Augstein, der Mensch

Medien | SIEGFRIED KOGELFRANZ | aus FALTER 46/02 vom 13.11.2002

Der SPIEGEL. Vergangenen Donnerstag starb der "Spiegel"-Gründer und Herausgeber Rudolf Augstein im Alter von 79 Jahren. Nachruf eines Kollegen. 

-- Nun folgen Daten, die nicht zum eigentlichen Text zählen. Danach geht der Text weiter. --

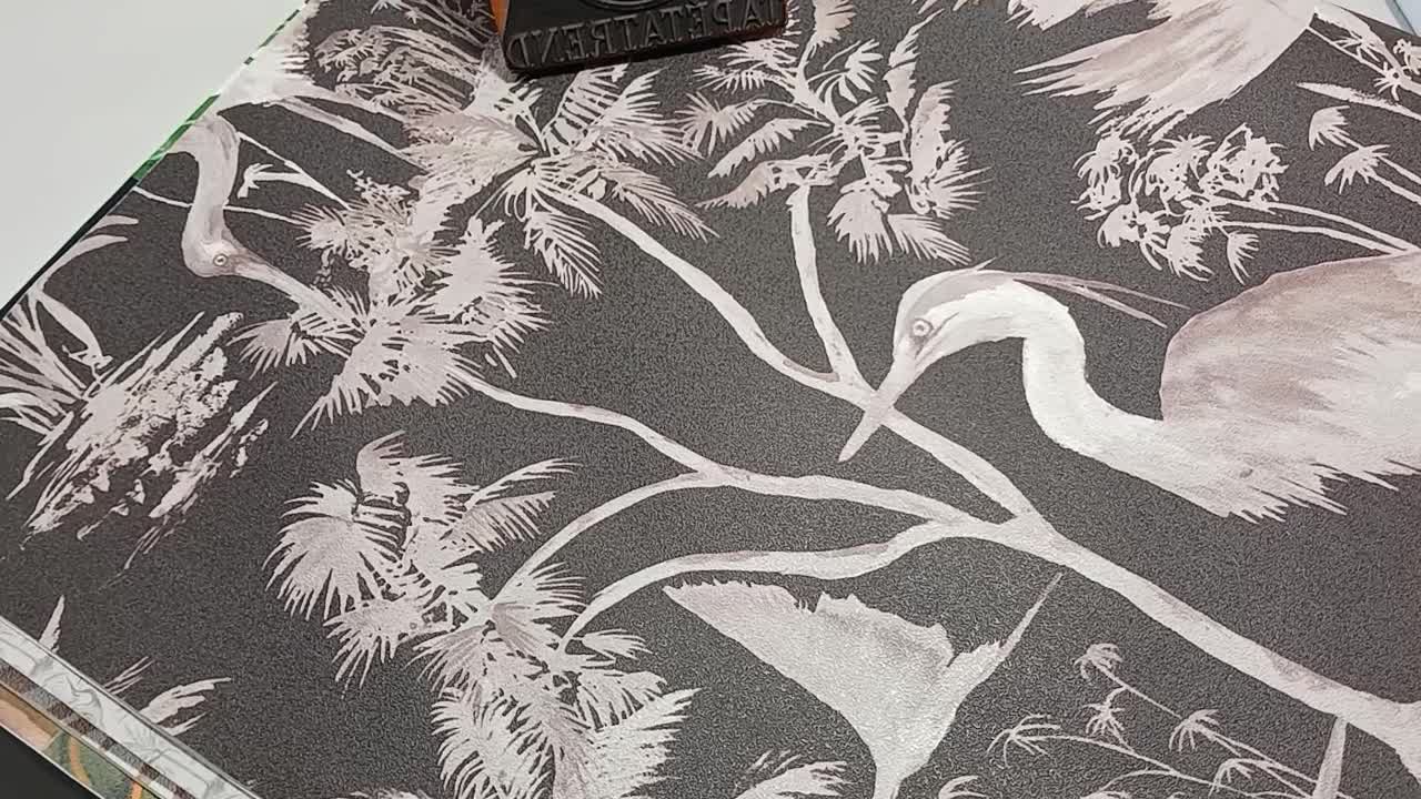 Vinyl tapéta keleties madár és botanikai mintával

Begonnen hatte er sein bewusstes Leben als eines von sieben Kindern einer kleinbürgerlichen Familie in einer hannoverischen Zwergschule. Beendet als steinreicher, dutzendfach geehrter Mann mit großer Macht, die er allein seinem messerscharfen Verstand verdankte. Selbst führte er seinen beispiellosen Erfolg zurück auf "etwas Sein, etwas Schein, etwas Schwein". Das war ebenso Understatement wie seine Vorstellung, was ihm mal nachgerufen werden sollte: "Mir würde genügen, wenn einige Leute den Gedanken hegten, der Spiegel sei diesem Land mehr nützlich als schädlich gewesen."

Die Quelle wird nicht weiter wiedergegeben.